Docker image built with elasticsearch-oss tar and not opendistro rpms


Looking at the opensitro elasticsearch docker images build steps -
opendistro-build/Dockerfile.j2 at main · opendistro-for-elasticsearch/opendistro-build · GitHub,
I notice the dockerfile installs the elasticsearch-oss tar and then the standalone opendistro plugins are installed.
Instead, if the opendistroforelasticsearch rpm was installed directly in the image, then all the plugins would be already part of it. Similar case with kibana docker image.

Wanting to know if there are any potential benefits of building docker images with elasticsearch tar & standalone plugins? Is there a specific reason for going with that approach? Any inputs would be appreciated.

Hi @shivani,

It is a bit more complicated to run rpm distros as a service inside a docker container considering you need to also take care of a service manager such as systemd integration. It is much easier and more lightweight to use standalone tarball/zip version of the distro to create the docker image. Plus, it allows much easier customization going on.

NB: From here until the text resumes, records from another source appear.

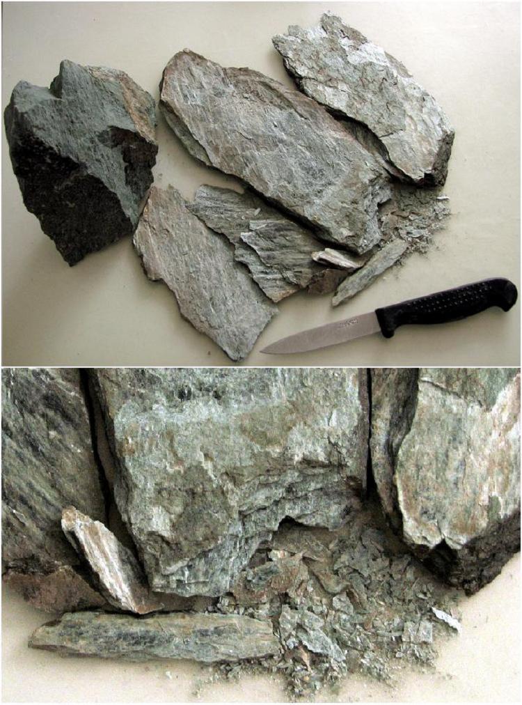 Mit dem kleinen Messer, Schicht um Schicht "abgebaut" -mit Geduld und etwas Abfall- ist Schiefer, aus dem Wallis oder überall her, nicht gewichtiger, aber um ein Mehrfaches schöner, lebendiger als jegliche Nachahmungsart von Stein.
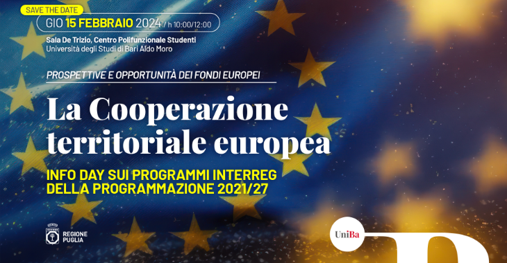 Giovedì 15 febbraio 2024 dalle ore 10.00 nella Sala “De Trizio” del Centro Polifunzionale Studenti dell'Università degli Studi di "Bari Aldo Moro" (Piazza Cesare Battisti, Bari) si svolgerà l'evento "La Cooperazione territoriale europea: info Day sui Programmi INTERREG della programmazione 2021/2027".
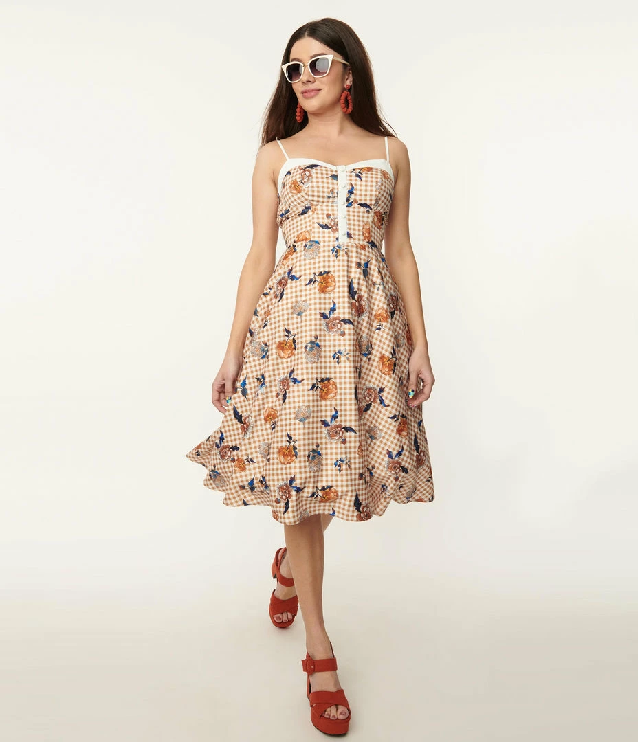 Outlet ๐ Sale Unique Vintage 1950s Rust Gingham & Floral Swing ๐ Dress ๐งจ
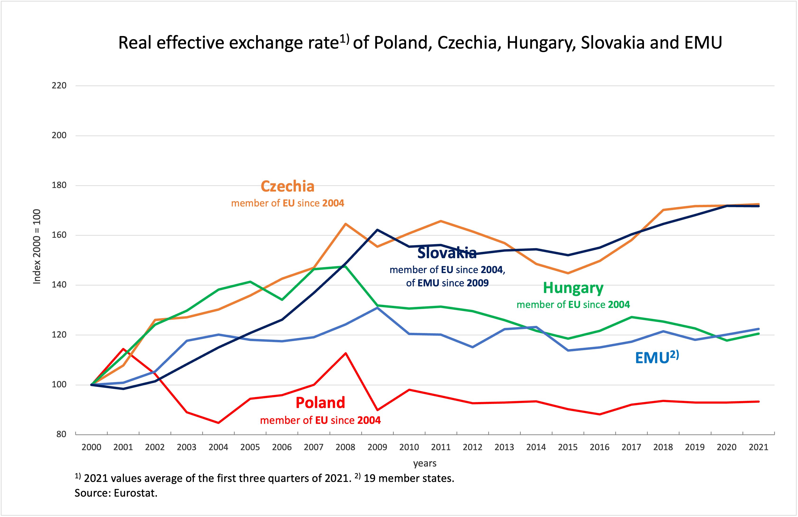 And this is the problem of Eastern Europe: What should justify the fact that all companies in these economies are constantly facing declining competitiveness? Or to put it another way: How can it be that the development of the nominal exchange rates of the countries with independent currencies and the price levels of the countries that have introduced the euro has for years been such that, on average, their companies cannot keep up on the international markets?
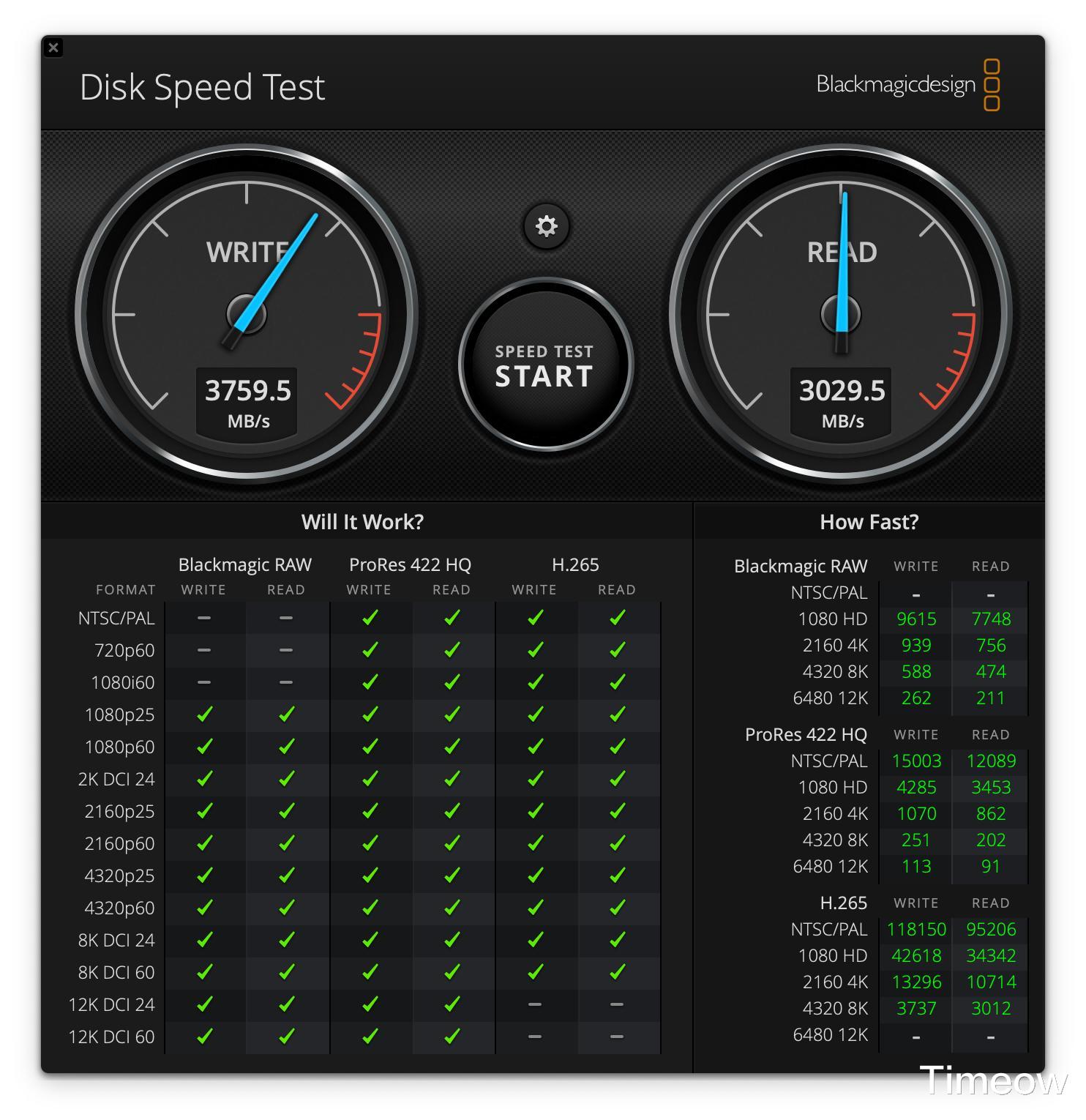 读速3029MB/s,写速3759mb/s。这个性能更猛啊,已经超越了零刻的官方标称值,也超越了Mac mini内置的硬盘速度:

Do you have any specific reason that you want rpm distros in docker? Thanks.

Hi @zhujiaxi,
Many thanks for your response. I now understand why tarball was preferred over rpm in the docker image.
However, opendistro also builds tarballs for elasticsearch & kibana -


I actually intend to understand why opendistro tarballs are not directly used in building the docker images instead of elasticsearch & kibana oss tarballs.
Using opendistro tars would have included all odfe plugins already and would not require install of all standalone plugins as done currently in Dockerfile.

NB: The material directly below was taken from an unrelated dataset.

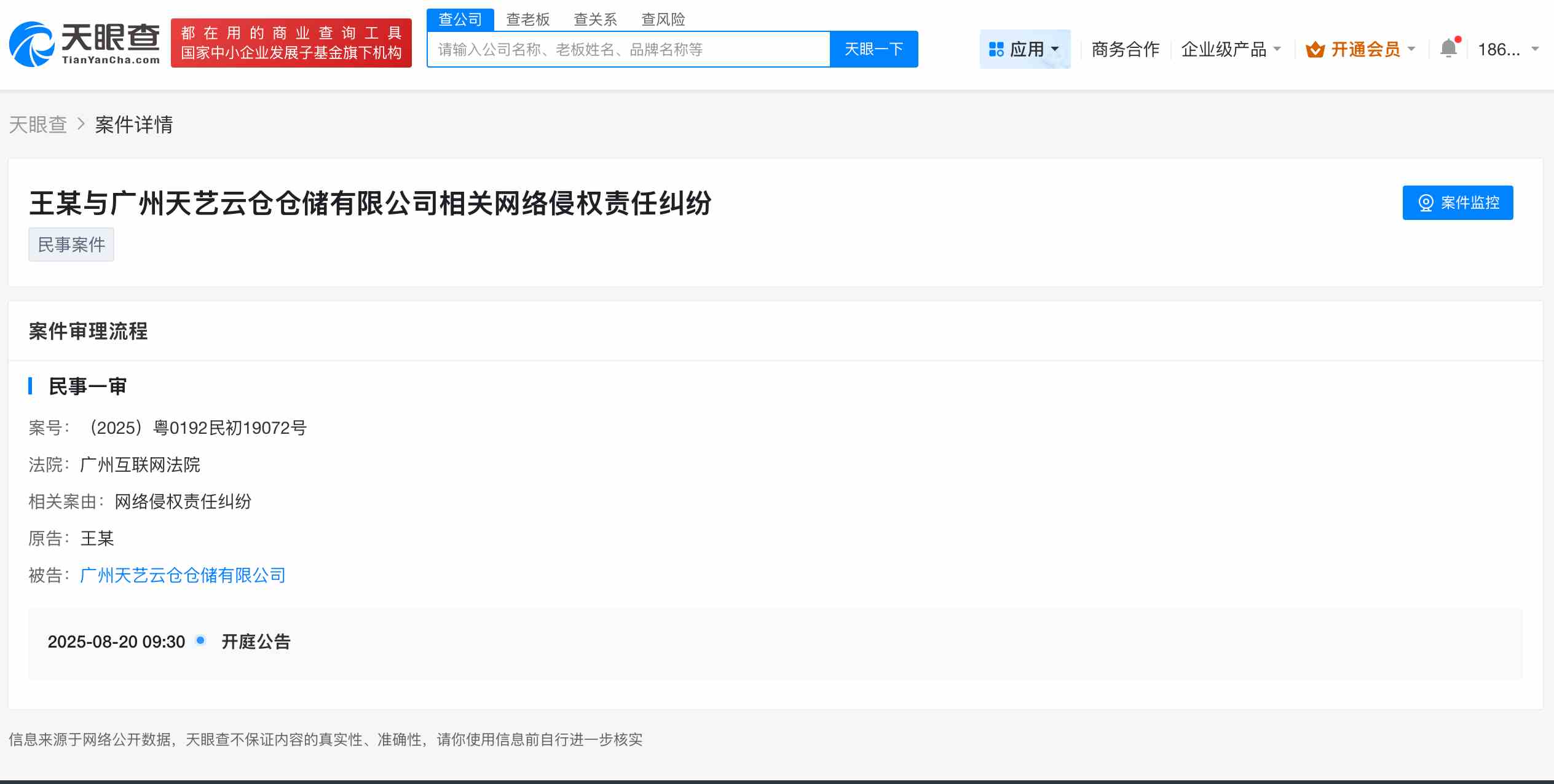 天眼查法律诉讼信息显示,此前,王俊凯与广州天艺云仓仓储有限公司相关网络侵权责任纠纷案已于8月20日开庭审理。

Is there a specific reason for going with that approach and do you see some technical benefits here?

Hi @shivani, the ODFE tarball distro is using “elasticsearch & kibana oss tarballs” under the hood anyway.

The initial decision to “repeat the process and install the plugins again instead of pulling the ODFE tarball in docker image” is with historical reasons, but mainly to allow us to add more customization in the dockerfile so we can provide an image that works on the go. On the contrary, the tarball distro is very barebone, which is more suitable for advanced users, and requires many manual configures.

The initial build methods are created about a little over a year ago, and it is quite simple/small in size and scale at the time. We are in the process of recreating the build process to make sure it is simpler, easier, and more stable on the go.

Until we commit the new process, we will just keep this approach. Thanks for your suggestions.